- _Dataset excerpt_:
━━━━━━━━━━
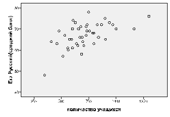количеством учащихся, результаты ЕГЭ по русскому языку выше;
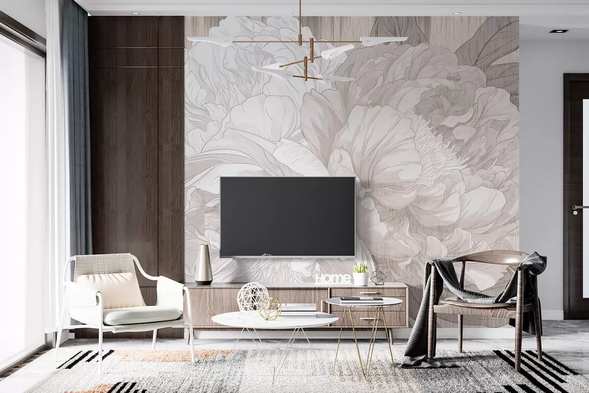 Zidne murale Teksturirani veliki cvjetovi božura u bež nijansama br. w01141
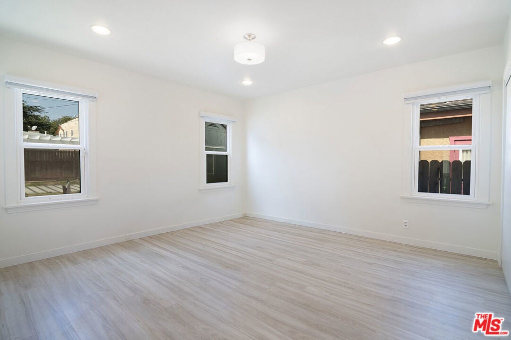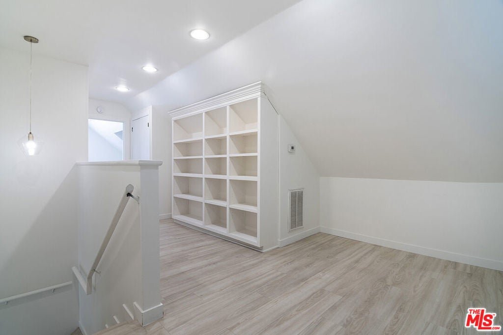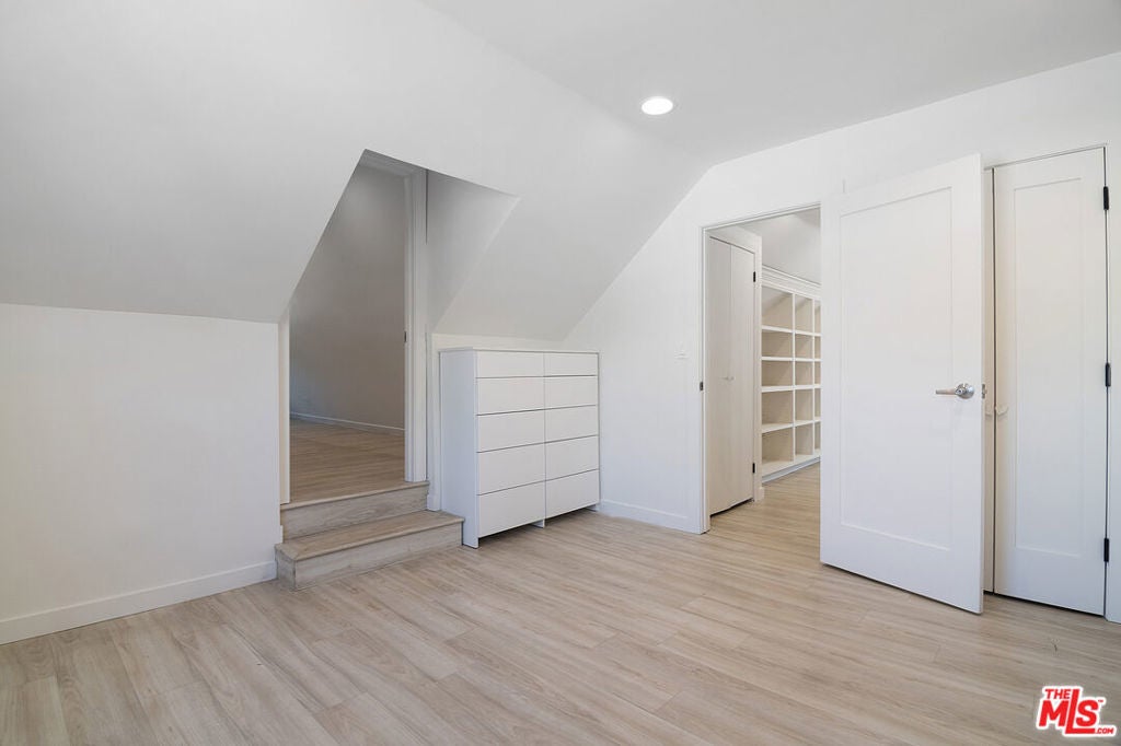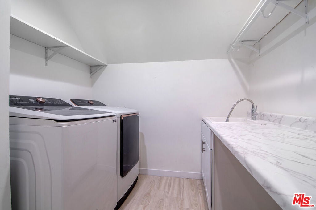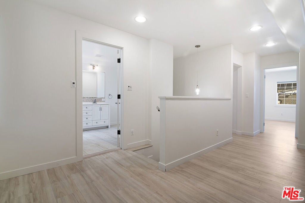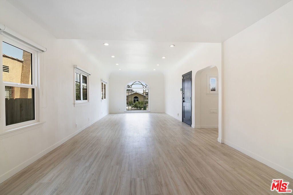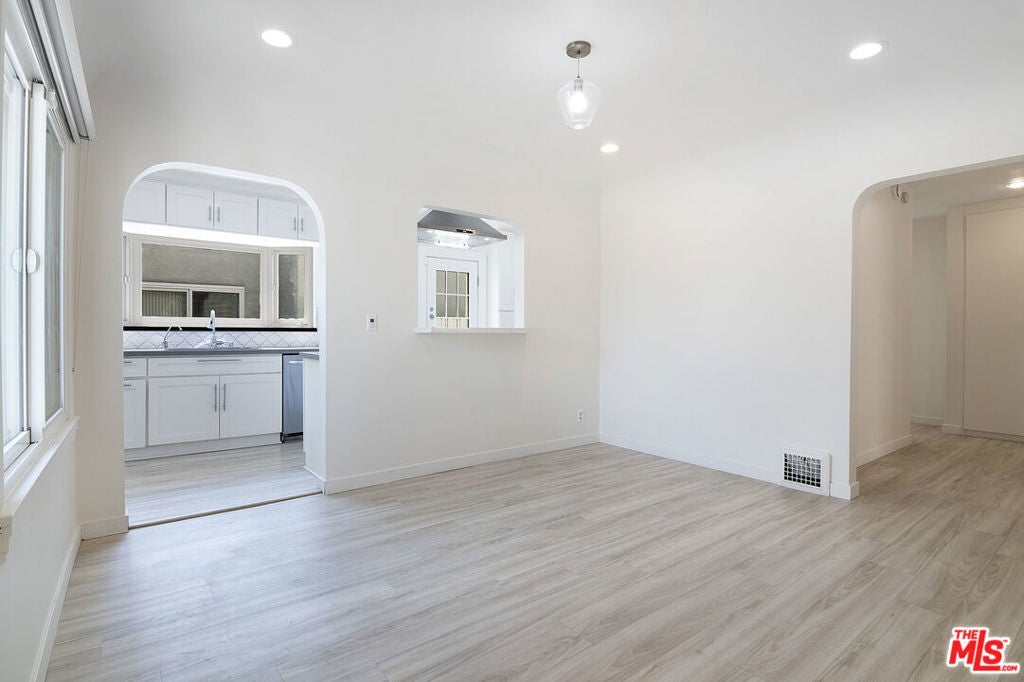 Charming, fully remodeled two-story California cottage in the heart of Pico-Robertson, offering 4 bedrooms, 3 bathrooms, and a versatile guest house. Step into a spacious great room, ideal for hosting, with seamless flow between living and dining areas. The adjacent family room, off the modern kitchen, doubles as a casual dining space. The updated kitchen boasts white arabesque tile, top-tier appliances including a built-in refrigerator, countertop range with hood, and double ovens and a built-in breakfast nook under a charming Victorian arched window with intricate mullions. The downstairs primary suite features dual vanities and a luxurious shower with river rock tile. A second downstairs bedroom connects to a guest bathroom with glass tile flooring. Upstairs, a landing with built-in bookshelves creates a cozy family retreat. One upstairs bedroom includes an attached playroom with charismatic angled ceilings, while another bedroom sits nearby. The upstairs full bathroom, with separate shower, tub, and dual vanity, offers ample space and style. Outside, a long gated driveway ensures privacy, complemented by a sprawling lawn perfect for outdoor activities. The converted garage studio, equipped with HVAC and a private bathroom, is ideal for guests or a home office. Recently renovated, this home is steps from Pico Boulevard, blending classic charm with modern upgrades in one of LA's most desirable neighborhoods.
━━━━━━━━━━
An exact copy of the listing above is to be set down, with no pictures in it.

- _Reply to the exercise_:
количеством учащихся, результаты ЕГЭ по русскому языку выше;
 Zidne murale Teksturirani veliki cvjetovi božura u bež nijansama br. w01141
 Charming, fully remodeled two-story California cottage in the heart of Pico-Robertson, offering 4 bedrooms, 3 bathrooms, and a versatile guest house. Step into a spacious great room, ideal for hosting, with seamless flow between living and dining areas. The adjacent family room, off the modern kitchen, doubles as a casual dining space. The updated kitchen boasts white arabesque tile, top-tier appliances including a built-in refrigerator, countertop range with hood, and double ovens and a built-in breakfast nook under a charming Victorian arched window with intricate mullions. The downstairs primary suite features dual vanities and a luxurious shower with river rock tile. A second downstairs bedroom connects to a guest bathroom with glass tile flooring. Upstairs, a landing with built-in bookshelves creates a cozy family retreat. One upstairs bedroom includes an attached playroom with charismatic angled ceilings, while another bedroom sits nearby. The upstairs full bathroom, with separate shower, tub, and dual vanity, offers ample space and style. Outside, a long gated driveway ensures privacy, complemented by a sprawling lawn perfect for outdoor activities. The converted garage studio, equipped with HVAC and a private bathroom, is ideal for guests or a home office. Recently renovated, this home is steps from Pico Boulevard, blending classic charm with modern upgrades in one of LA's most desirable neighborhoods.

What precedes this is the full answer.